African Union Official Urges Political Solution to Libyan Crisis
Peter Clottey May 08, 2011
The African Union says its roadmap for peace is the best option for settling Libya’s political crisis.
El-Ghassim Wane said the AU “is convinced that only a political solution will make it possible to promote peace in a lasting manner that will also fulfill the aspirations of the Libyan people to democracy…and good governance.”
The AU plan calls for a ceasefire, and a dialogue between all Libyan parties for a solution to the crisis. It also calls for the protection of African workers in the country.
Wane said the proposal, which is geared towards achieving stability in Libya, is the basis for AU talks with both the administration of Moammar Gadhafi and the opposition National Transitional Council.
Wane also said the AU is encouraged by the rival parties’ support of its efforts to resolve the crisis. In late April, Libya’s foreign minister went to Ethiopia’s capital to discuss the peace plan with AU officials. However, rebels want any agreement to include Gadhafi’s removal from power.
Some members of the international community do as well. But, Wane said that’s an issue for the two parties decide.
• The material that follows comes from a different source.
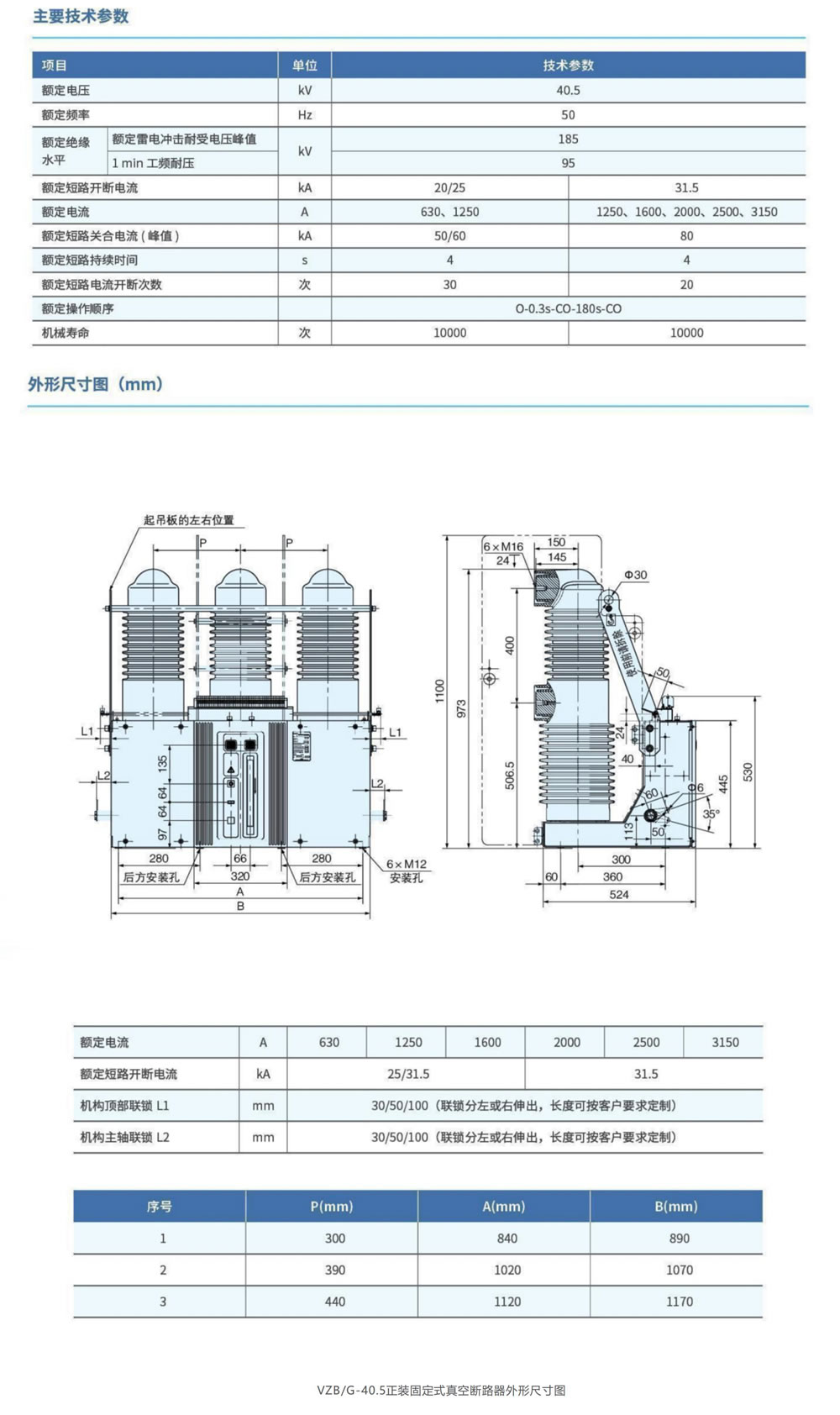 VZB/G-40.5正裝固定式真空斷路器

“It’s not up to the AU to determine the future of Libya,” said Wane. “Our conviction is that the future of Libya should be determined by Libyans. Our role is to help Libyans to negotiate…with the view of fulfilling the aspirations of their people.”
Some experts have been critical of the AU’s roadmap deal saying it has so far been infective in resolving the almost daily violent clashes between Gadhafi loyalists and the rebels seeking to overthrow the government.
Wane acknowledged the challenges the roadmap faces but expressed confidence in the AU’s ability to help resolve the stalemate.
“We won’t relent in our efforts,” said Wane, “because it is our conviction that the only way to address in a sustainable manner the crisis in Libya is through dialogue.”
His comments came after loyalist forces intensified their shelling of towns Saturday in the country's western mountains, a stronghold of anti-Gadhafi rebels.